Belich is a writer who does not allow the density of the subject matter to heavy his prose. This is his thesis: European settlement of the New World came in three successive waves - networks (especially of trade), empire (through conquest), and settlement; that it amounted to a `settler revolution', characterized by the spectacular growth of Anglophone peoples and culture across the globe; and that the settlers themselves were neither heroic nor especially villainous. Belich spells out how British world colonization involved four phases - incremental, explosive, decolonization, and recolonization - each shaped by identifiable social, political and economic forces. He brings forth as persuasive evidence the stories of four famed cities - New York, London, Chicago and Melbourne. (If Melbourne seems out of place, it shouldn't -- as Belich points out, Melbourne in 1890 was a mega-city, boasting a population greater than Madrid and Mexico City and, by a factor of nine, Los Angeles).

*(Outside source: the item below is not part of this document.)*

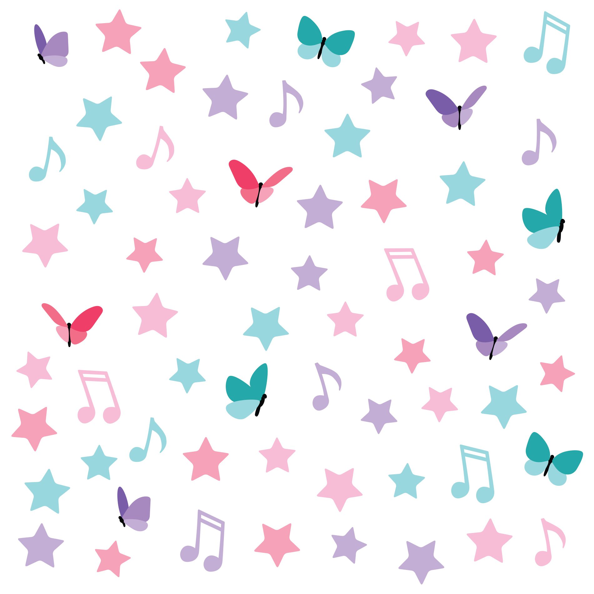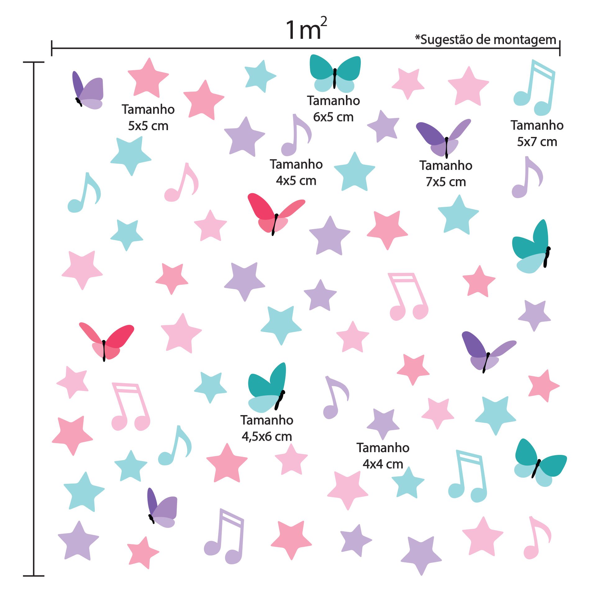 Adesivo de Parede Estrelas Borboletas e Notas 64un Cobre 1m²

His story weaves together strands that are simultaneously riveting on their own and compelling as a whole. In his book "Making Peoples: A History of the New Zealanders, from Polynesian Settlement to the End of the Nineteenth Century" Belich is at his most compelling when describing the 'protein boom' which saw Maori society grow from three figures to four then five ("Hunters & Gardeners"). (All evolutionary biologists and macroeconomists should study his story technique). In "Replenishing the Earth" Belich stretches this treatment over four great cities and the context of their nations and the world at the time. You might call this "busting out theory" and indeed you could credit Belich as a historian who is "busting out" - reimagining, transforming, reforging.
"Replenishing the Earth" is a tour de force. Belich is well known to New Zealanders as an author and television presenter. He gets standing ovations from his students, and storied prizes from academia in Great Britain. With this wide-angled and keenly-edged book, international audiences who need to know their history will enthrall at discovering a historian and writer at the peak of his investigative power and creativity.